- _Collected data_:
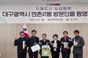 (포탈뉴스통신) 대구 수성구 만촌2동 주민자치위원회는 지난 8일 자매도시인 의성군 춘산면을 방문해 양 지역 간 우호 협력 강화를 위한 교류 활동을 진행했다. 이번 방문은 2023년부터 이어온 양 지역의 자매결연을 기반으로 주민자치 중심의 상생협력을 확대하기 위해 마련된 것으로, 주민자치위원과 12개 협력 단체 회원 등 30여 명이 참석했다. 방문단은 지난달 개소한 춘산어울림공간에서 공식 환영 행사와 시설 관람을 진행하며 교류의 의미를 나눴고, 향후 협력 확대 방안도 함께 논의했다. 또한 양 지역의 특색을 담은 기념품 교환도 이뤄졌다. 만촌2동은 수성구 대표 캐릭터 ‘뚜비’ 인형과 지역 전통주 ‘느지골 오양주’를 전달했으며, 춘산면은 목재문화체험장에서 제작한 냄비 받침과 금성농협 압맥을 선물하며 따뜻한 환대의 뜻을 전했다. 박영환 주민자치위원장은 “2023년부터 이어온 두 지역의 인연이 해를 거듭할수록 더욱 깊어지고 있어 뜻깊다”며 “앞으로도 주민 중심의 실질적 상생협력이 지속될 수 있도록 적극적인 교류 활동을 이어가겠다”고 말했다. 만촌2동과 춘산면은 앞으로 주민 대상 공연
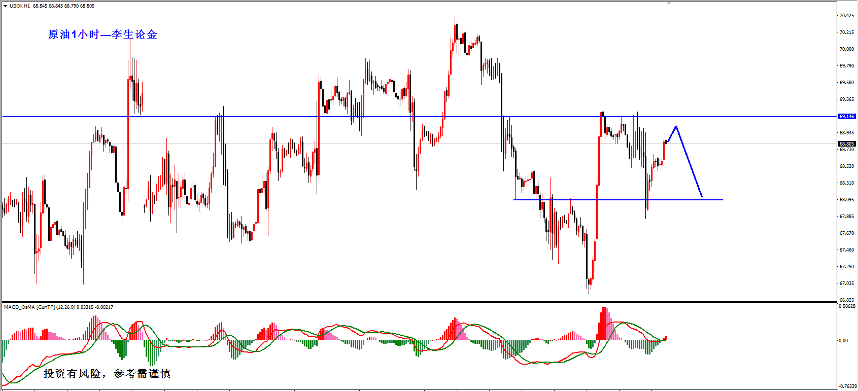 原油,上周没有延续反弹,向下再次试探了67的低点位置后再次反弹,目前多空的走势并不是很明朗,5/10日均线粘合,且最近每次涨跌都没有太大的延续性,整体还是以区间震荡对待,上周五快速试探68下方后再次反弹,目前处于68-69的震荡整理之中,上方阻力在69.3的前高附近,操作上,今天可以在68.9的位置做空,损69.4,目标68。
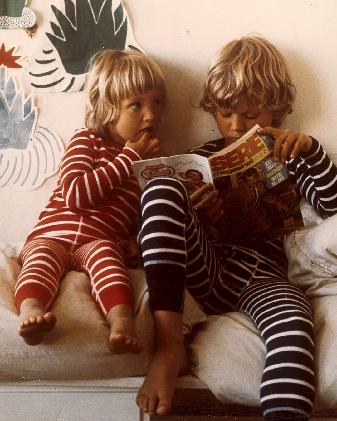 With childrenswear now front and centre business was booming, and as part of an in-house collaboration between Gunila AxĂ©n and Katarina af Klintberg, something very special was created in the 1970s: PO.P Originals â our basic garments with classic stripes. They were available in red, blue and brown. Colours deliberately chosen to reflect our creed of âletting children be childrenâ.
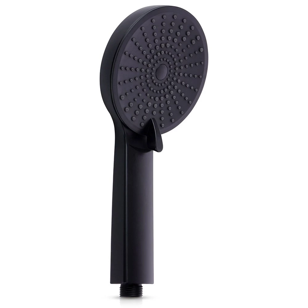 Okrągła słuchawka prysznicowa z trzema funkcjami strumienia. Wykonana z wytrzymałych materiałów. Niezwykle wygodna w użytkowaniu i łatwa w czyszczeniu. Słuchawka jest uniwersalna i pasuje do każdego węża oraz uchwytu prysznicowego. Utrzymana w industrialnym stylu, świetnie komponuje się w każdym wnętrzu. Ogranicznik przepływu wody przyczynia się do redukcji zużycia wody, co może obniżyć koszty i korzystnie wpłynąć na środowisko. Czarna rączka prysznicowa sprzedawana jest bez węża (do kupienia osobno). Oryginalny produkt holenderskiej marki Bathroom Solutions. Wyprodukowano zgodnie z europejskimi standardami.

- _Exercise details_: Copy out exactly the lines above beginning with the line that contains "原油,上周没有延续反弹,向下" and finishing with the line that contains "With childrenswear now", including both; leave the pictures out.

- _The completed task_:
 原油,上周没有延续反弹,向下再次试探了67的低点位置后再次反弹,目前多空的走势并不是很明朗,5/10日均线粘合,且最近每次涨跌都没有太大的延续性,整体还是以区间震荡对待,上周五快速试探68下方后再次反弹,目前处于68-69的震荡整理之中,上方阻力在69.3的前高附近,操作上,今天可以在68.9的位置做空,损69.4,目标68。
 With childrenswear now front and centre business was booming, and as part of an in-house collaboration between Gunila AxĂ©n and Katarina af Klintberg, something very special was created in the 1970s: PO.P Originals â our basic garments with classic stripes. They were available in red, blue and brown. Colours deliberately chosen to reflect our creed of âletting children be childrenâ.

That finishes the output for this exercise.